Roughly one-fifth of the state's 163 general hospitals have told the department they will not install new monitoring systems, mainly due to budget constraints. The law requires each of those hospitals to have a written plan in place that explains how it will collect the data and a process for verifying its accuracy.

Other types of hospitals — such as psychiatric, long-term acute care and rehabilitation hospitals — are not being expected to install such systems because of their size or specialty, department spokeswoman Stacy Kriedeman said.

The hospitals that are proceeding are about evenly split between facilities that expect to meet the Dec. 31 deadline for implementing electronic monitoring and others that may need more time due to an overwhelming demand on the relatively small number of companies that provide the technology, said Stacy Mitchell, the health department's deputy secretary of quality assurance.

"We have to be flexible about that, because it's not the hospitals' fault," Mitchell said.
Electronic surveillance is a relatively new technology that has emerged over the past several years, and definitive studies on its cost-effectiveness are difficult to track down.

"It would be a complicated and expensive study to rigorously study whether there were cost savings," said Dr. William Trick, an internal medicine physician and researcher at John H. Stroger Jr. Hospital in Chicago. But Trick said his research has found that computerized monitoring can improve the efficiency and likely the reliability of infection tracking.

Trick and other researchers found that computer algorithms were more accurate than manual records reviews in detecting bloodstream infections associated with catheters inserted into a large vein, according to a 2004 study published in the CDC journal Emerging Infectious Diseases.

The algorithms were more likely to agree with a separate, independent review of the infection data than the determination of an infection-control professional who examined the records by hand, Trick said.
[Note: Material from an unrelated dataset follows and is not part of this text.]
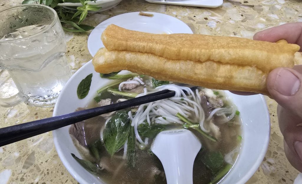 The north do two types of Pho, Beef and Chicken, whereas southerners primarily do beef pho. The northern style beef pho puts an emphasis on the beef flavor of the broth, often using less spices and is less sweet (no rock sugar added whatsoever). Chao Quay – fried savory asian donuts are used as a topping as well.

But rather than rely solely on the computer to tell them something is wrong, there may be some advantages for hospitals to have their infection-control experts evaluate and interpret the data, he said.

"There might be benefits of a hybrid system in which both algorithmic and human interpretations are used," Trick said. The Joint Commission, a national nonprofit organization that accredits hospitals, has not taken a position on whether hospitals should adopt the technology, said Louise Kuhny, the commission's senior associate director for standards interpretation. "While good old infection-control data collection works, and what some people call 'shoe-leather epidemiology' has been used with success, there are some aids that can help infection-control practitioners," Kuhny said.

Computerized systems, she said, "should be considered a tool in data collection but they do not entirely replace (traditional) surveillance."

Hershey Medical Center has been using its computerized system, which cost about $268,000 to install and set up, for about 2 1/2 years, said Dr. Greg Caputo, the hospital's chief quality officer.

In the first year, the hospital saw the rate of reported infections increase dramatically because the system was capable of identifying "virtually all of the infections" in the hospital, Caputo said. Previously, the hospital's old system relied on samples of the patient population.

"Since that time, we've seen a gradual decrease in the overall rate of infection," Caputo said. Torregrossa is hopeful that hospitals that are reluctant to embrace the technology will eventually do so once they see the impact it has on reducing infection rates.

"We certainly are going to urge hospitals to use electronic surveillance systems," Torregrossa said. "We think their benefit has been proven."